Neurovascular Cases

ct-head-lateral-scout
ct-head-ap-scout

What’s the diagnosis?

Left frontal penetrating trauma due to nail gun deployment. Prior to nail removal there is no obvious injury to the intracranial arteries on the CT angiogram or formal angiographic runs, although the nail trajectory is in close proximity to the anterior cerebral arteries as they wrap around the corpus callosum. After nail removal there is new hemorrhage along the nail tract and within the ventricles causing hydrocephalus. On subsequent angiography the right anterior cerebral artery, pericallosal segment, demonstrates a traumatic pseudoaneurysm.

Background

  • Penetrating cerebrovascular injuries are rare events. Penetrating trauma can lacerate an intracranial artery forming a traumatic pseudoaneurysm. In a traumatic pseudoaneurysm, the aneurysm walls are actually formed by surrounding tissues and not vessel wall.
  • Penetrating trauma mechanisms that lead to traumatic pseudoaneurysms are typically low velocity, such as stab wounds, as opposed to high velocity penetrating trauma (e.g., gun shot wounds).
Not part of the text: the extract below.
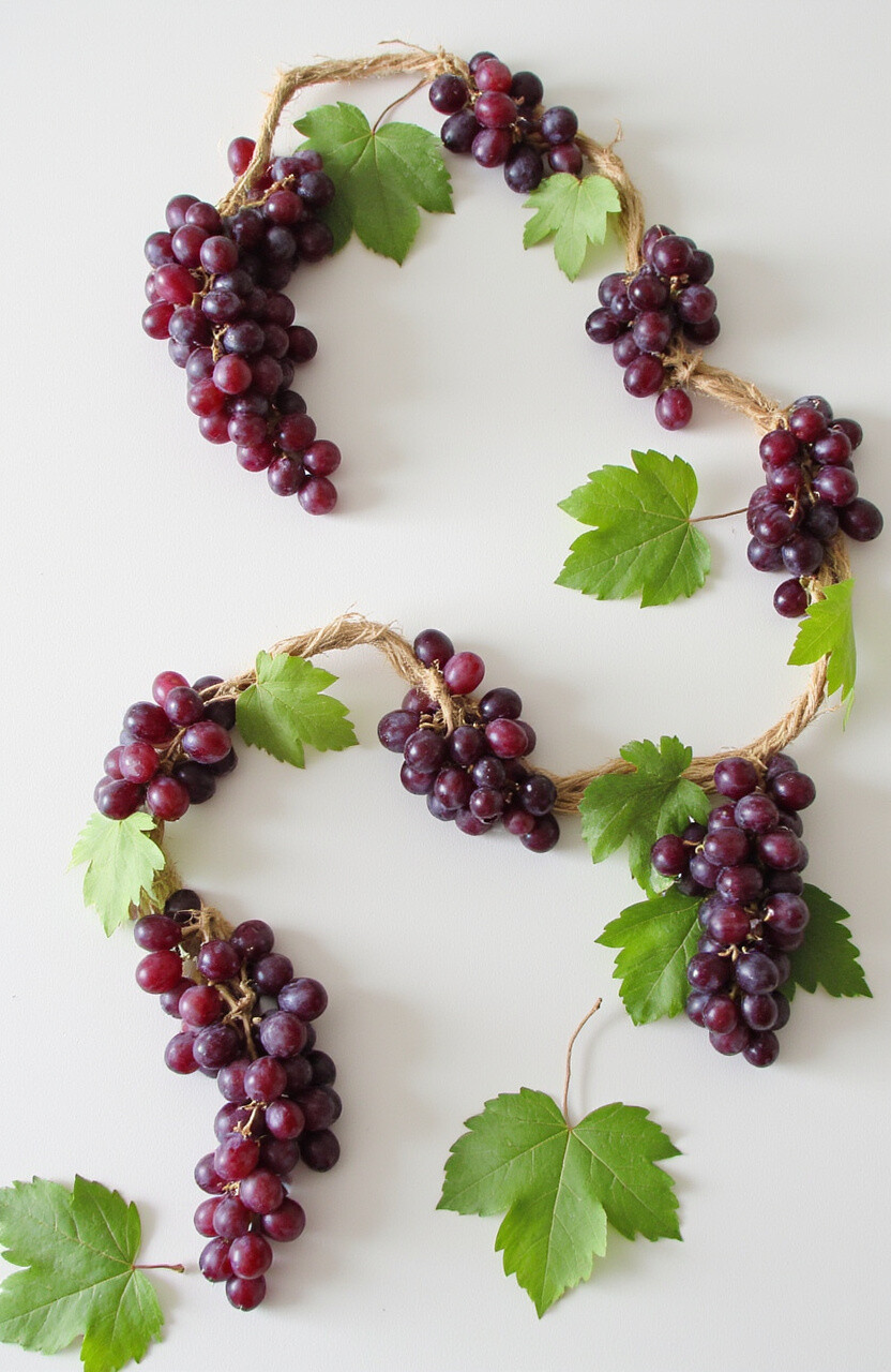 Create elegant and charming garlands using bunches of grapes. String them together with twine for a lush, natural look.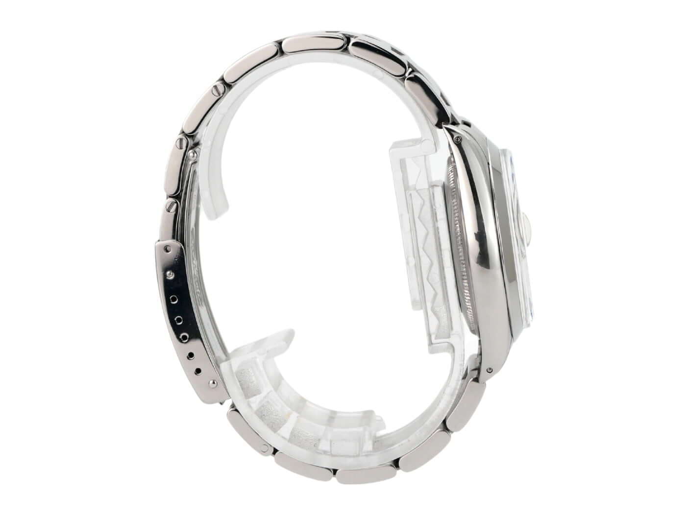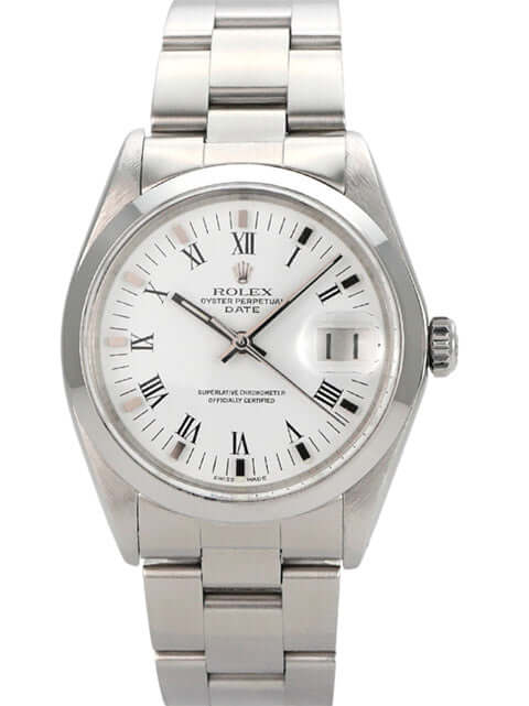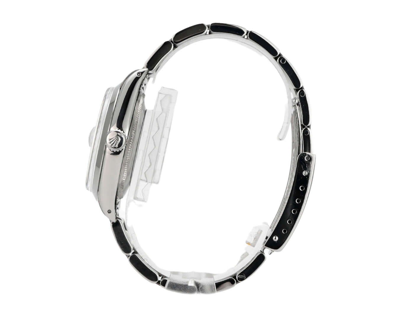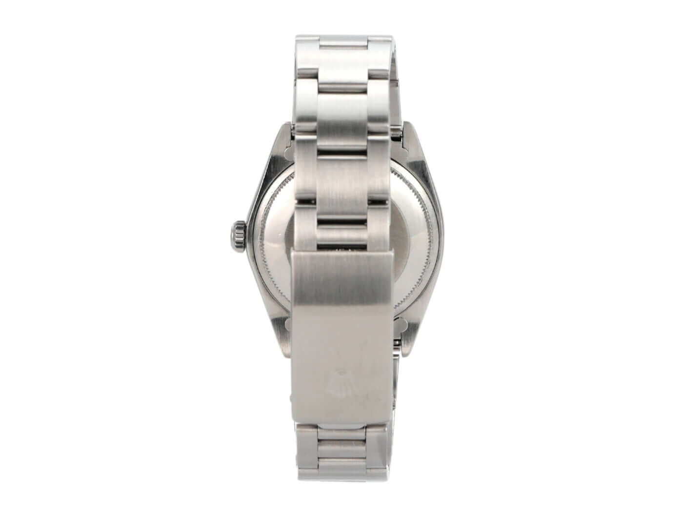 Gehäuse aus Edelstahl poliert und satiniert, Gehäusedurchmesser 34 mm, Edelstahl Lünette poliert, Oyster Edelstahlband poliert und satiniert mit Faltschließe, weißes Zifferblatt, Automatikwerk, Rolex Manufakturkaliber, 19.800 A/h, Datumsanzeige, Chronometer, Plexiglas, Krone verschraubbar, Edelstahlboden verschraubt, wasserdicht bis zu 10 bar.

What's your treatment plan?

  • The patient is developing acute hydrocephalus from intraventricular hemorrhage. An external ventricular drain should be placed to normalize intracranial pressure.
  • A ruptured distal pericallosal aneurysm could be treated with an endovascular approach, such as embolization. Alternatively, an parasagittal interhmispheric open microsurgical approach could be used to clip this aneurysm.

In this case, because of the hemorrhage noted on the post nail removal CT head scan the patient immediately returned to the angiography suite. The distal right anterior cerebral artery, pericallosal segment, traumatic pseudoaneurysm was identified. A microcatheter was advanced into the right ACA and brought just proximal to the aneurysm. Onyx liquid embolization material was used to occlude the pericallosal vessel both distal and just proximal to the aneurysm, to eliminate the risk of further hemorrhage.

The microcatheter was advanced into the distal pericallosal branch and a gentle injection through the microcatheter was used to confirm its location just proximal to the traumatic pseudoaneurysm.